Auditors care about outcomes and evidence. Define severity levels for incidents, SLAs for containment and notification, and a retention window for prompts, responses, tool calls, and model versions. Store hashes of prompts/responses so you can prove integrity without keeping raw text indefinitely. This makes reviews faster and helps privacy teams enforce minimization.

Buyer Checklist (Copy/Paste)
- Do you provide a centralized LLM security gateway with input/output filtering and per-tenant policy?
- How do you isolate retrieval sources (signing, allowlists, freshness, chunk ACLs)?
- Describe your tool sandbox (allowlists, dry-runs, approvals, quotas, egress).
- What secrets and identity practices (short-lived tokens, workload identity, KMS/HSM)?
- What telemetry is exportable (traces, hashes, model versions, user IDs)?
- How do you evaluate (OWASP LLM Top 10, adversarial suites, regression in CI)?

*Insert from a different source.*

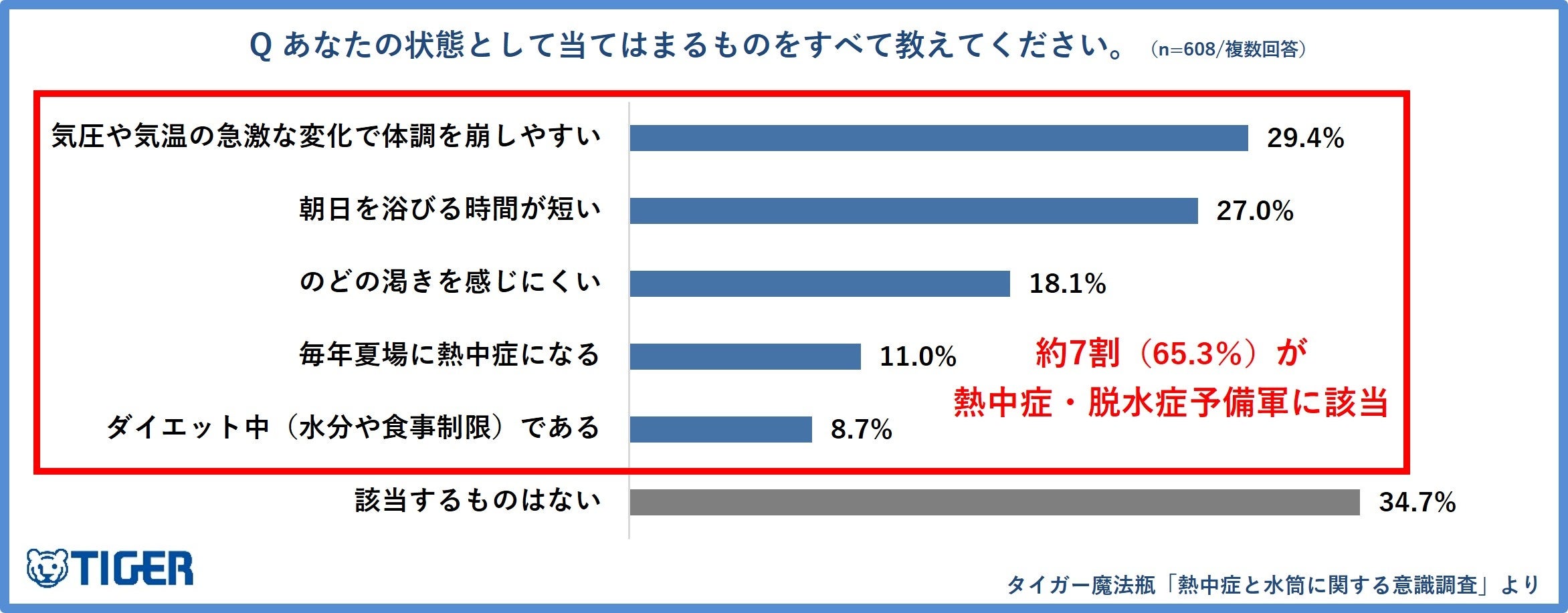 谷口医師によると、「気圧や気温で体調を崩しやすい」「喉の渇きを感じにくい」等といった症状を感じる人は熱中症・脱水症予備軍の危険性が高いと警鐘を鳴らします。本調査では約7割(65.3%)もの人が熱中症予備軍であることが判明しました。

- How do you handle PII/PHI (minimization, redaction, retention, erasure)?
- Incident response playbook (severities, SLAs, customer comms)?
For procurement, insist on demos where the vendor shows blocked prompt injections, rejected poisoned documents, and gated tool calls with human confirmation. Ask for SOC reports, pen-test summaries, and evidence that model and data pipelines are signed end-to-end. These are simple ways to separate slideware from systems you can trust.
Proof & Authoritative Resources
Use recognized frameworks to ground your LLM security program and satisfy audits:
- NIST — AI Risk Management Framework (governance and risk treatment)
- OWASP — Top 10 for LLM Applications (threat catalog & test ideas)
- ENISA — Cybersecurity Publications (data minimization, logging, identity)
- NIST — Secure Software Development Framework (supply-chain and SDLC practices)
- ISO/IEC 27001 (ISMS controls that intersect with LLM security)
Internal Links on Bulktrends
Putting It Together
The best LLM security programs look like strong SaaS security: clear policies, layered controls, and evidence auditors can read. Build the gateway, isolate retrieval, sandbox tools, protect secrets, and trace everything. Then keep testing and patching as models and prompts evolve. Treat the model like middleware, not magic—give it privileges only when necessary, and make those privileges observable.
When leadership asks, “Can we ship this safely?”, answer with a measured plan: a week for gateway policies, two weeks for retrieval isolation, another for tool sandboxing, then continuous red-team tests. That’s what modern LLM security looks like in practice—useful, measurable, and repeatable. Set quarterly goals: reduce tool-call false positives by half, increase trace coverage to 99%, and shorten incident triage by adding better metadata to traces.
Bottom line: adopt LLM security as an engineering habit, not a one-time audit. It will make releases faster, not slower. Ship small, collect evidence, and expand scope only when your controls are boring and your incident reviews are short.
Disclaimer: Controls must match your sector’s legal and privacy requirements. Test with red teams and real users before scaling.